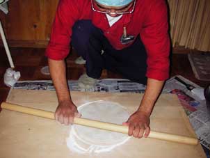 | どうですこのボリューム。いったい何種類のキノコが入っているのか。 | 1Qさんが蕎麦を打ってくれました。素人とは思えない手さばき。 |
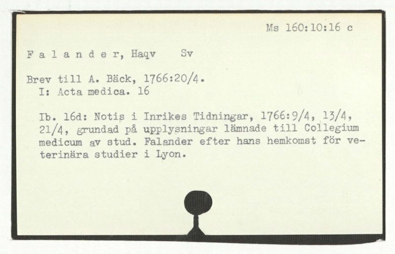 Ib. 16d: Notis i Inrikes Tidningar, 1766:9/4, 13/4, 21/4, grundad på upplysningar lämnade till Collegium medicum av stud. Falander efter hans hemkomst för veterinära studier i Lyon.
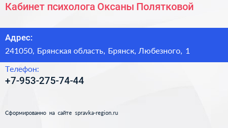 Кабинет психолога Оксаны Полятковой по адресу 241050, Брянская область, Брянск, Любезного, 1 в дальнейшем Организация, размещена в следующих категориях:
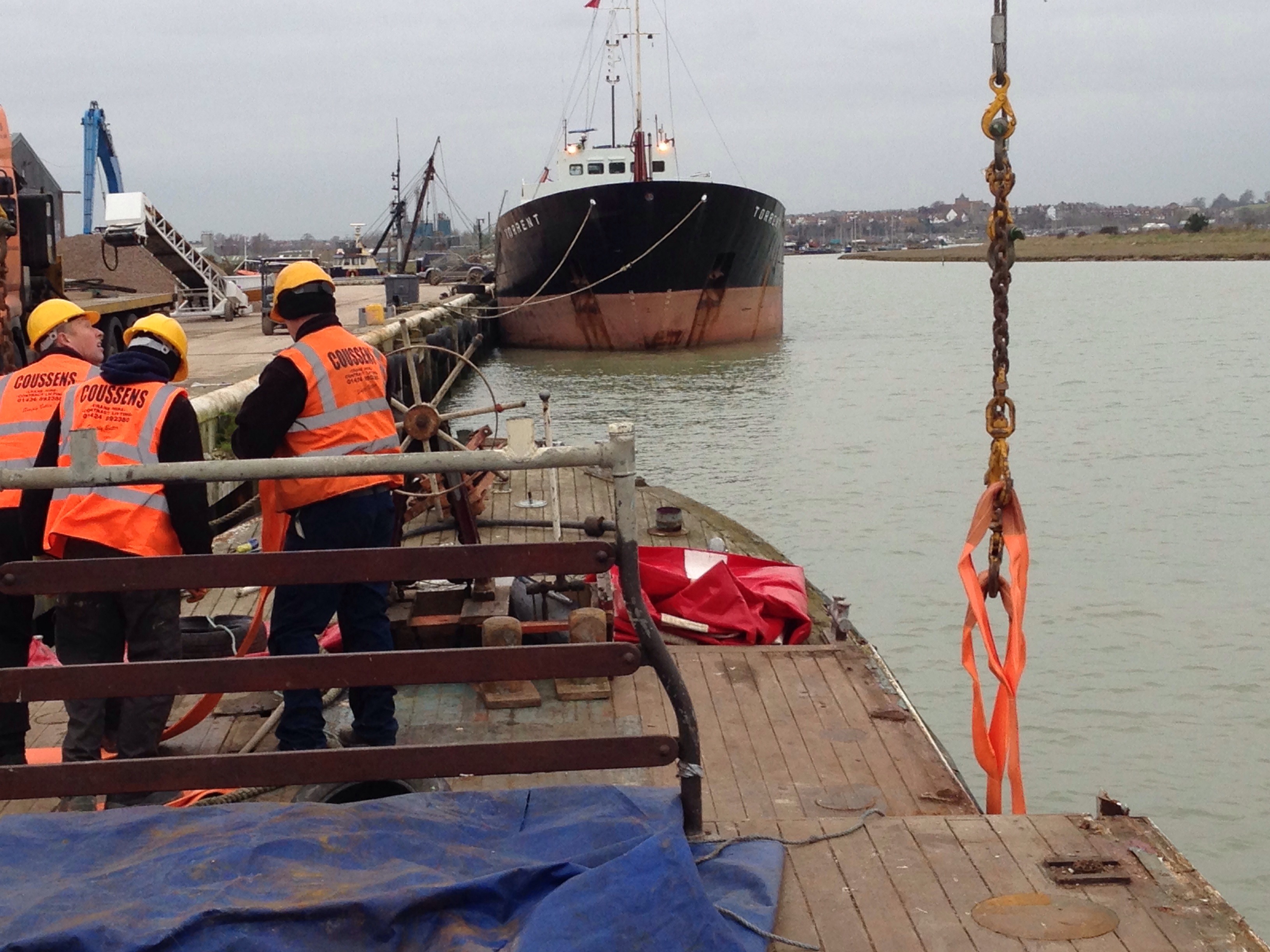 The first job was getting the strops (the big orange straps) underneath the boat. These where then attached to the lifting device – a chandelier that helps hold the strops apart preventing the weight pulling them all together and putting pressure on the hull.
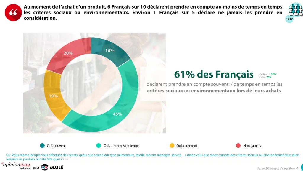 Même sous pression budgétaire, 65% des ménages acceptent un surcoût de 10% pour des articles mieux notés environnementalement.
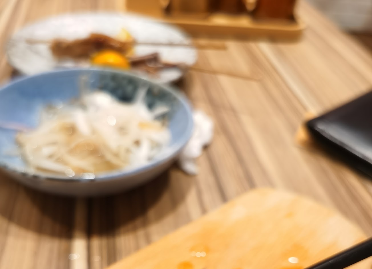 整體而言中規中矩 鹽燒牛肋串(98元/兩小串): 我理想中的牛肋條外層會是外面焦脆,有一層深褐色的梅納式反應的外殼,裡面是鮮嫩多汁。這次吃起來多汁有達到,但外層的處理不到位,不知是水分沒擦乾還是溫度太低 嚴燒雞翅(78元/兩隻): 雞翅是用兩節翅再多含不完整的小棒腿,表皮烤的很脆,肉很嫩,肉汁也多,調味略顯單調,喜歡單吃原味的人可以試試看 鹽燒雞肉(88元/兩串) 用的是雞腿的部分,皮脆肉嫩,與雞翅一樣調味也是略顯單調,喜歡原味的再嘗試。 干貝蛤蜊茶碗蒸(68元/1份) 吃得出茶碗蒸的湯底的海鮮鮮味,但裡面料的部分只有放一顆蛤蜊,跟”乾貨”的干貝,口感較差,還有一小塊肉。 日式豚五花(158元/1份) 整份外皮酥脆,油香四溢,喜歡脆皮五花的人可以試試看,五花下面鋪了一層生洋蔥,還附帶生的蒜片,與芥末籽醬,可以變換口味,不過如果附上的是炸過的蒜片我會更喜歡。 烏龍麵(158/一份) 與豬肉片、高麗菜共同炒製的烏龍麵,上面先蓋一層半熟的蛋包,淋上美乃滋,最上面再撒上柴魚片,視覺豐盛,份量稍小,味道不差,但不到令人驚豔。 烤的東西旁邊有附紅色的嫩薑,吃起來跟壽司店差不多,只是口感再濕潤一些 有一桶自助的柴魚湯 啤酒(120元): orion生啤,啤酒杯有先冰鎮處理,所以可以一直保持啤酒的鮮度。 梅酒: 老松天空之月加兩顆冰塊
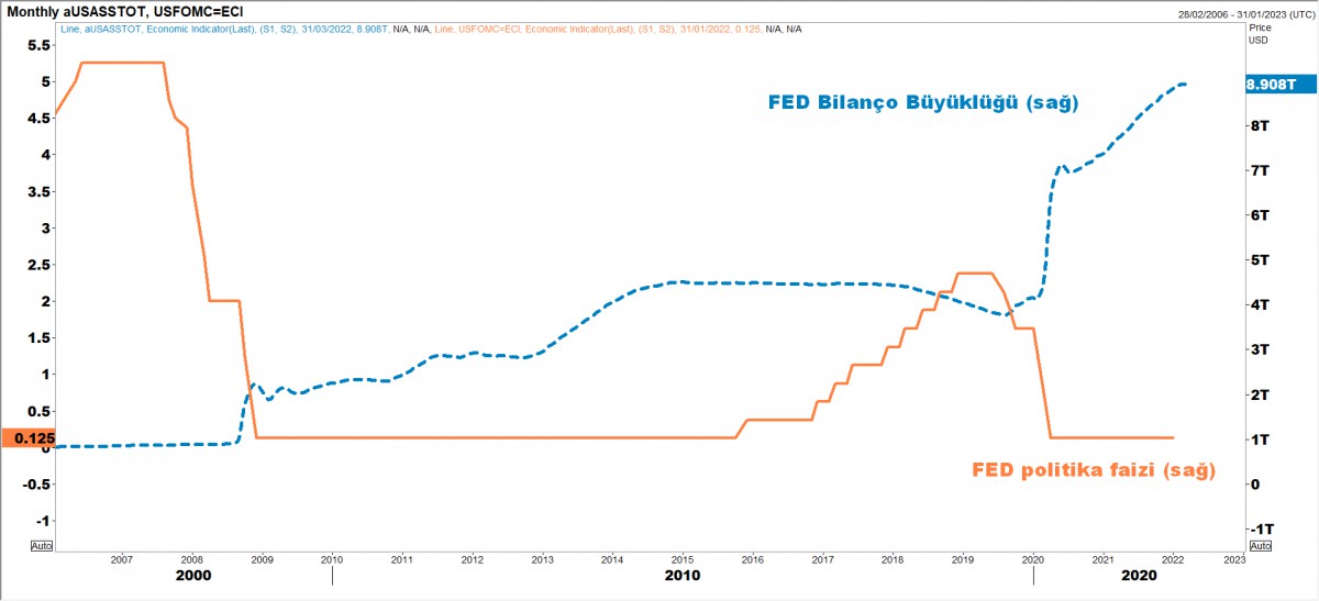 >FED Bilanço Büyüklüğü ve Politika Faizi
--------------------------------------------------
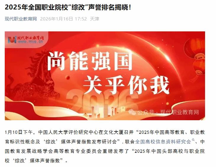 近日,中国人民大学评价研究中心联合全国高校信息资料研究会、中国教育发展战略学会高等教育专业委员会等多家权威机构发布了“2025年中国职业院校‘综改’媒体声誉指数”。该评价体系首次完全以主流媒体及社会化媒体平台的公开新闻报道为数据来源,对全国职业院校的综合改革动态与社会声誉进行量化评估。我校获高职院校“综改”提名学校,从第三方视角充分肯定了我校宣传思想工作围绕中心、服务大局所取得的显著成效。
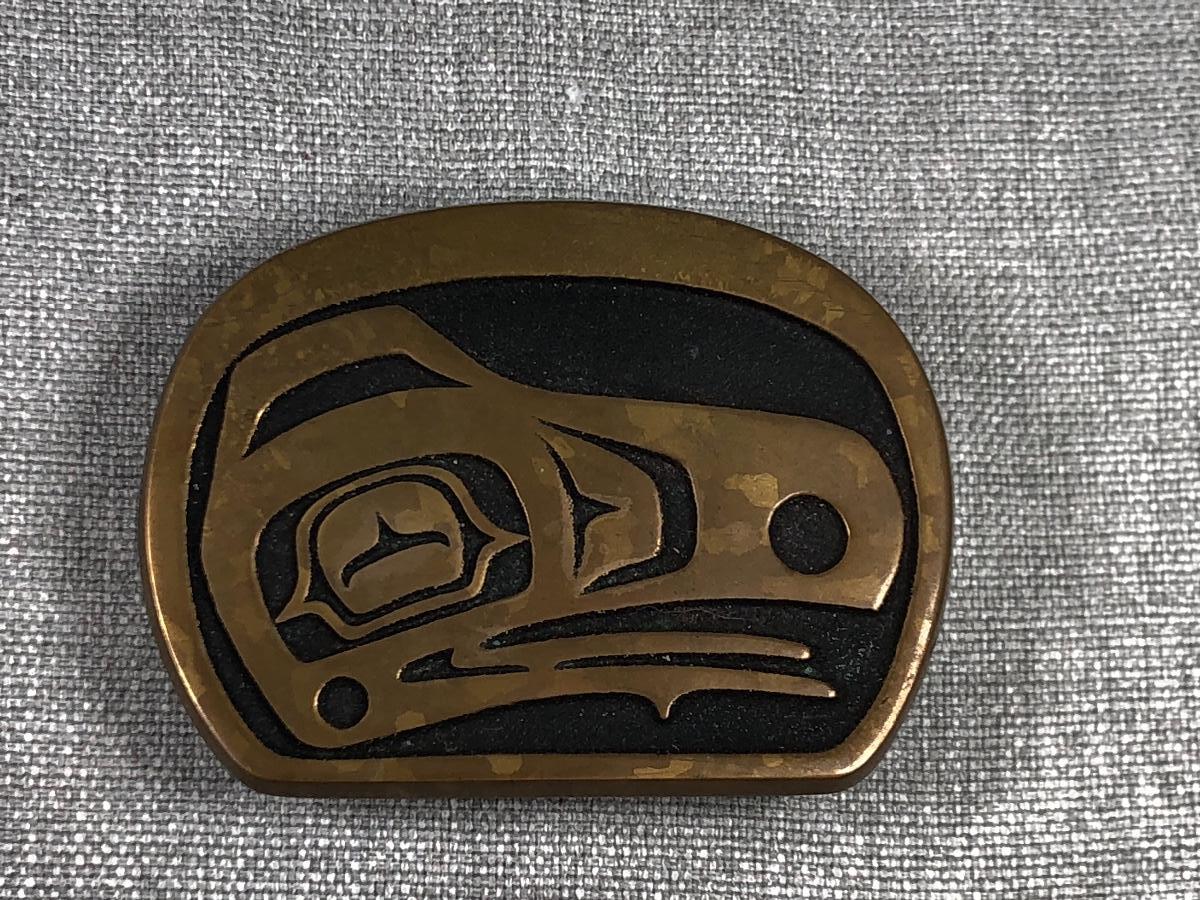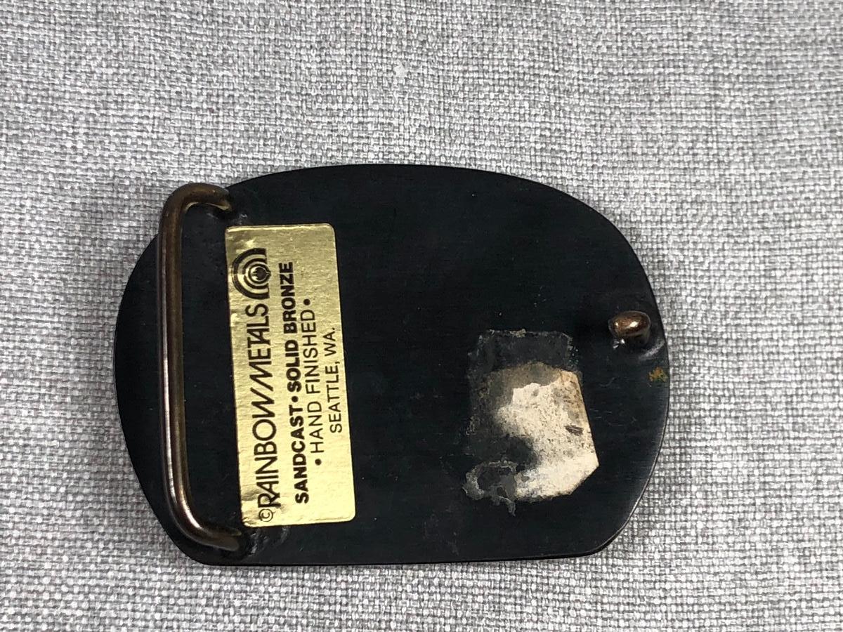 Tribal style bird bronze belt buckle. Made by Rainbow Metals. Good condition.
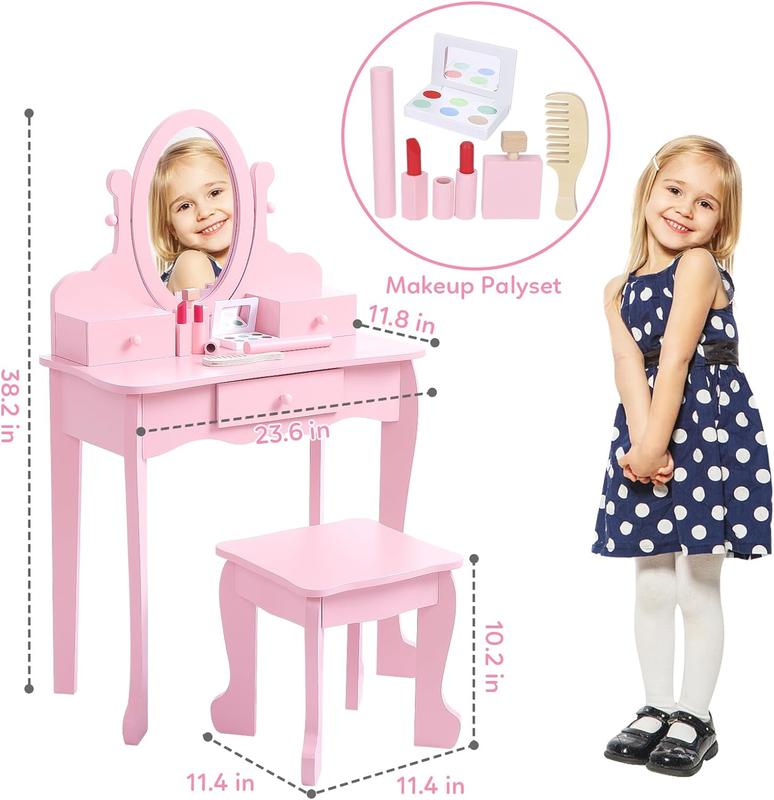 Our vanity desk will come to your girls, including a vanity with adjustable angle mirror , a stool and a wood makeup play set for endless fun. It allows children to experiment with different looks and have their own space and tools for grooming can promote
--------------------------------------------------
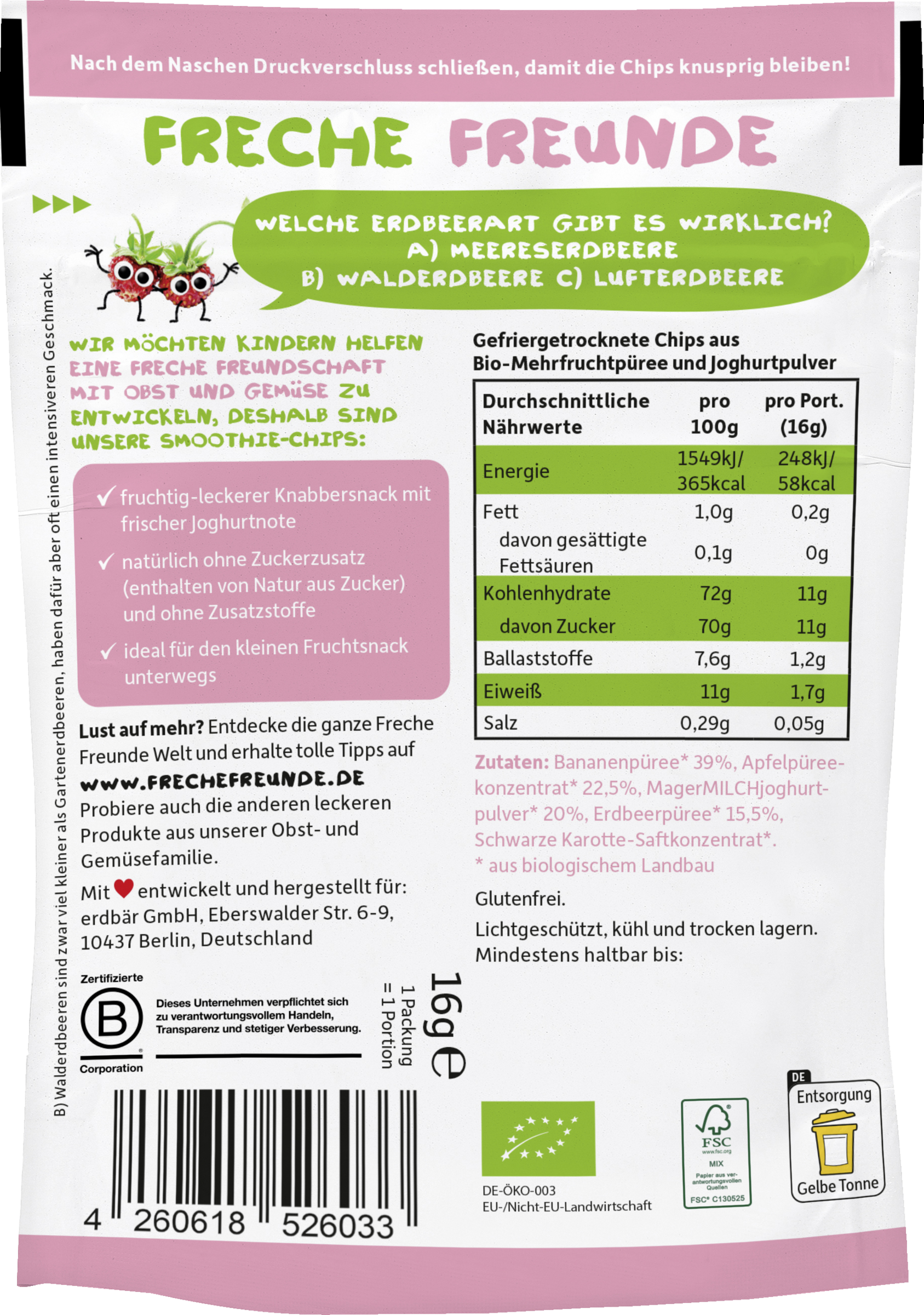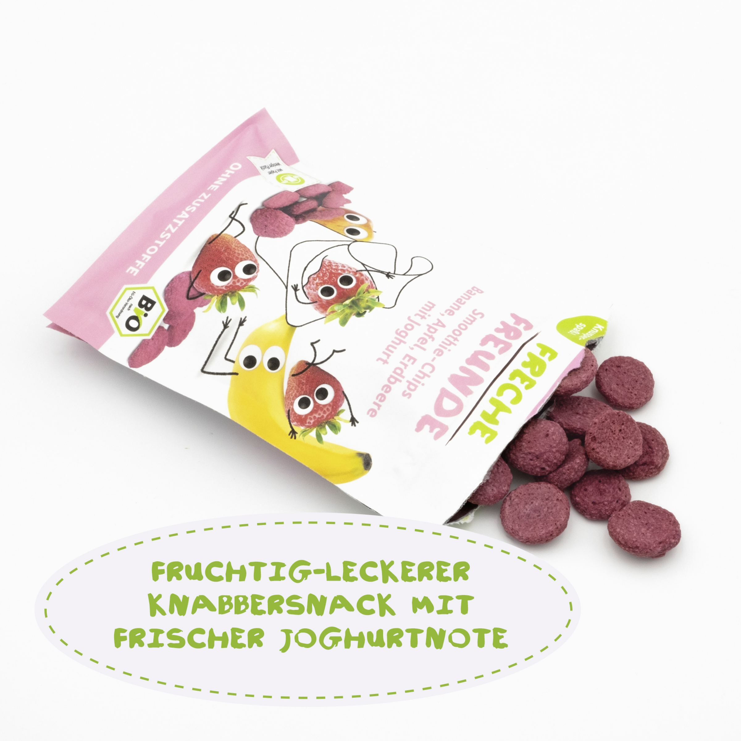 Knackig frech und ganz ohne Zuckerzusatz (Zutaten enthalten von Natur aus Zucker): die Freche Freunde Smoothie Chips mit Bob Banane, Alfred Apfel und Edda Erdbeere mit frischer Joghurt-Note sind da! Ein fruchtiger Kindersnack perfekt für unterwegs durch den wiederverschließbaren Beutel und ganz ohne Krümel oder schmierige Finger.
--------------------------------------------------
WHAT THIS TASK INVOLVES: For the material above, give again only the lines starting at the line that contains "Même sous pression" and ending at the line that contains "ve Politika Faizi". Pictures do not belong in the copy.

YOUR RESPONSE:
 Même sous pression budgétaire, 65% des ménages acceptent un surcoût de 10% pour des articles mieux notés environnementalement.
 整體而言中規中矩 鹽燒牛肋串(98元/兩小串): 我理想中的牛肋條外層會是外面焦脆,有一層深褐色的梅納式反應的外殼,裡面是鮮嫩多汁。這次吃起來多汁有達到,但外層的處理不到位,不知是水分沒擦乾還是溫度太低 嚴燒雞翅(78元/兩隻): 雞翅是用兩節翅再多含不完整的小棒腿,表皮烤的很脆,肉很嫩,肉汁也多,調味略顯單調,喜歡單吃原味的人可以試試看 鹽燒雞肉(88元/兩串) 用的是雞腿的部分,皮脆肉嫩,與雞翅一樣調味也是略顯單調,喜歡原味的再嘗試。 干貝蛤蜊茶碗蒸(68元/1份) 吃得出茶碗蒸的湯底的海鮮鮮味,但裡面料的部分只有放一顆蛤蜊,跟”乾貨”的干貝,口感較差,還有一小塊肉。 日式豚五花(158元/1份) 整份外皮酥脆,油香四溢,喜歡脆皮五花的人可以試試看,五花下面鋪了一層生洋蔥,還附帶生的蒜片,與芥末籽醬,可以變換口味,不過如果附上的是炸過的蒜片我會更喜歡。 烏龍麵(158/一份) 與豬肉片、高麗菜共同炒製的烏龍麵,上面先蓋一層半熟的蛋包,淋上美乃滋,最上面再撒上柴魚片,視覺豐盛,份量稍小,味道不差,但不到令人驚豔。 烤的東西旁邊有附紅色的嫩薑,吃起來跟壽司店差不多,只是口感再濕潤一些 有一桶自助的柴魚湯 啤酒(120元): orion生啤,啤酒杯有先冰鎮處理,所以可以一直保持啤酒的鮮度。 梅酒: 老松天空之月加兩顆冰塊
 >FED Bilanço Büyüklüğü ve Politika Faizi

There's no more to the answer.